Hello,
Im currently re performing some analyses of RNA-seq data via DESeq2, however since the first analysis (about a year ago) Ive got some very strange genes turning up as significantly expressed. These genes have exceedingly high p-values and fold changes (>2^15 !!) while also being lowly expressed ( Basemean of <100) and often driven by a single sample.
the experiment is as follows: an RNA seq analysis (Unstranded ) of Cytokine expressing cells from 3 separate patients, comparing 2 cell types (CD4/CD8) expressing 1 of 2 cytokines (pop1/pop2).

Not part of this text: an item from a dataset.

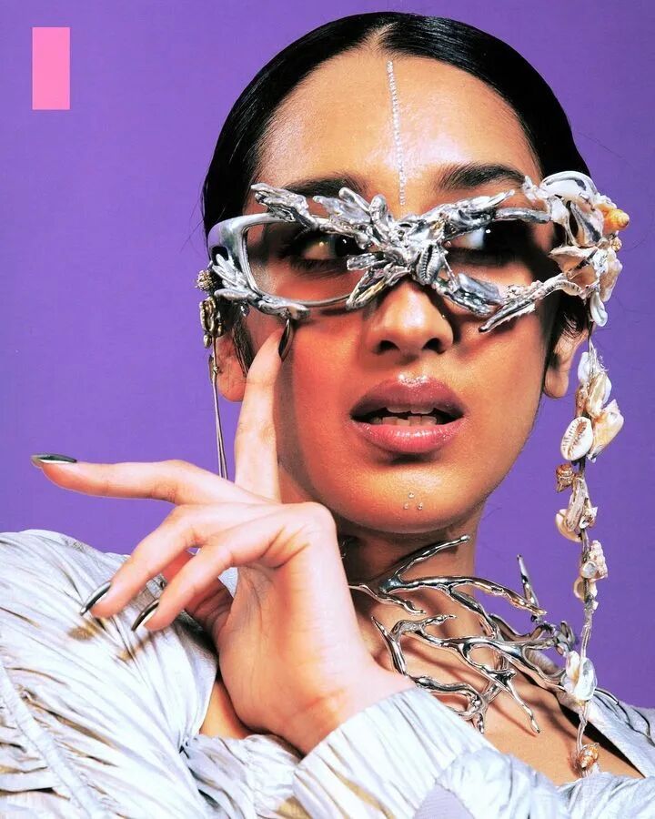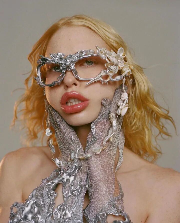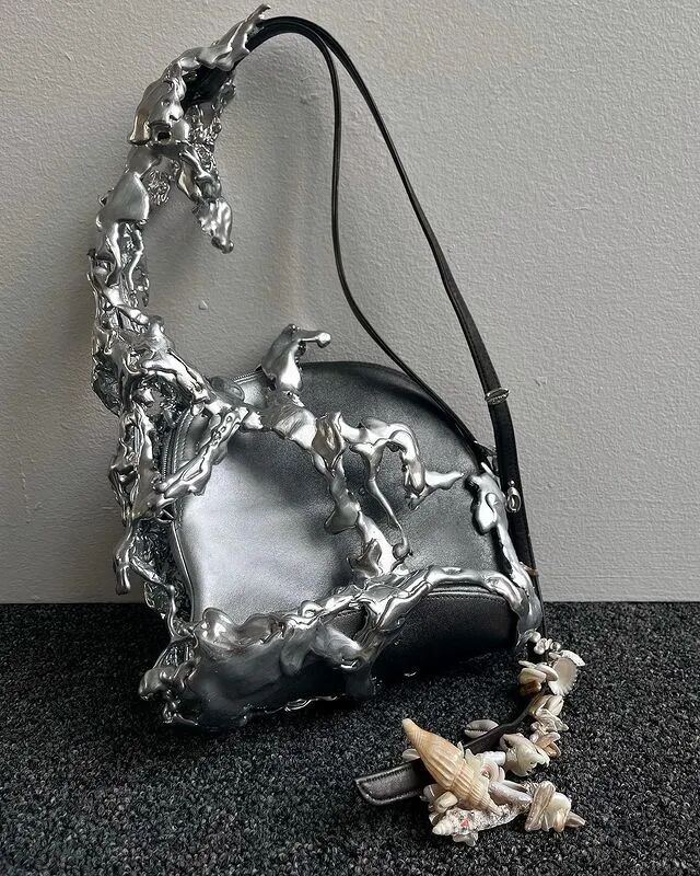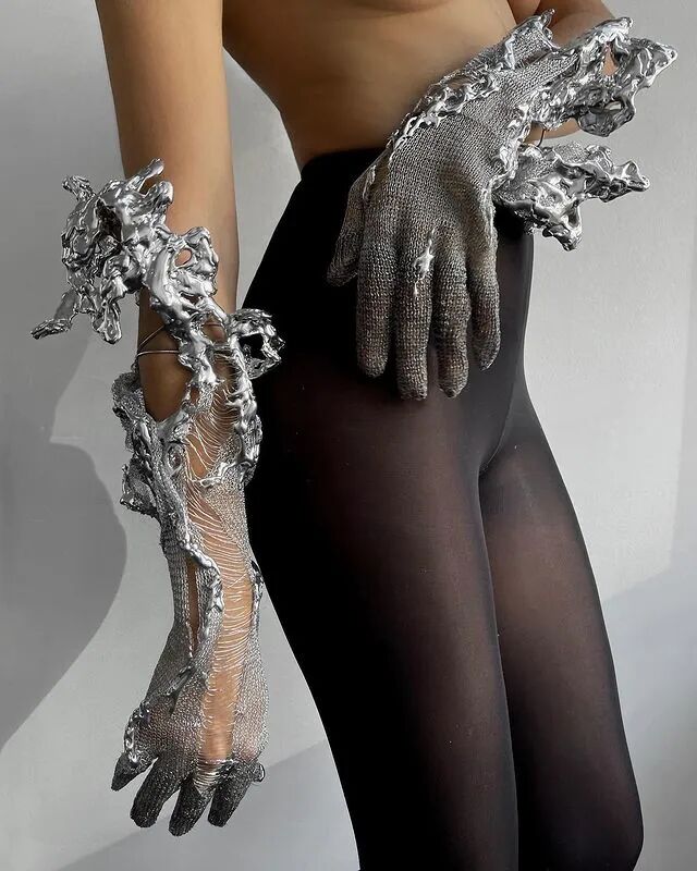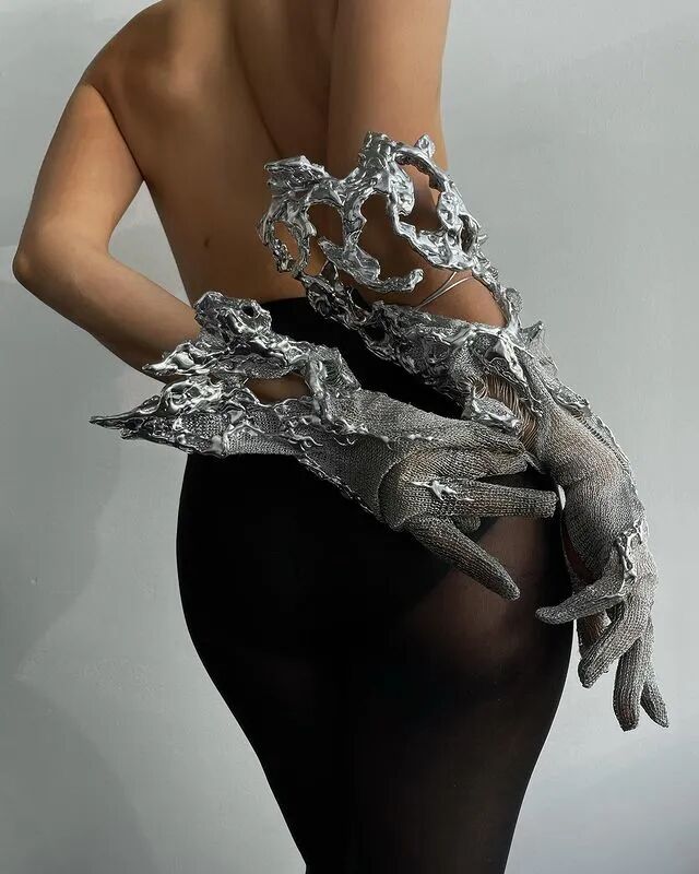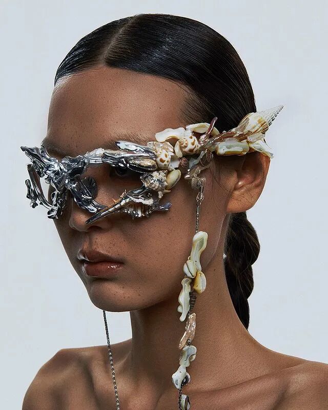 将金属通过数字技术装饰在包包、鞋子、眼镜、手套等服装配饰上,形成新的视觉形态。

any advice would be appreciated. This is the code Ive been using (Cant give the data sets for reproduction due to confidentiality)
dds <- DESeqDataSetFromMatrix(countData = SFpops.454[,3:11], colData = samples.454, design = ~ EXPERIMENT.ID + CELL.CYTOKINE)
vsd <- vst(dds, blind=FALSE)
rld <- rlogTransformation(dds)
res <- results(dds2, contrast = (c("CELL.CYTOKINE", "CD8-pop1", "CD8-pop2")))
and a selection of output results below
genename | baseMean | log2FoldChange | lfcSE | stat | pvalue | padj | significant |
TAAR7P | 1.175253 | 25.03149 | 3.981587 | 6.286812 | 3.24E-10 | 2.22E-07 |
PRODH | 0.815967 | 23.86939 | 3.989826 | 5.982564 | 2.20E-09 | 1.16E-06 |
FLJ46284 | 6.843331 | 23.5942 | 3.779361 | 6.242907 | 4.30E-10 | 2.79E-07 |
KRT81 | 0.998216 | 23.42814 | 4.022196 | 5.824714 | 5.72E-09 | 2.61E-06 |
AC007655.1 | 0.696205 | 23.32993 | 3.994779 | 5.840105 | 5.22E-09 | 2.40E-06 |
AC022916.4 | 0.698751 | 23.09876 | 4.023616 | 5.740795 | 9.42E-09 | 4.06E-06 |
SMIM25 | 3.920455 | 22.88505 | 2.405183 | 9.51489 | 1.82E-21 | 2.40E-17 |
Is there something altered in the package which makes these really lowly abundant genes now below the critical threshold?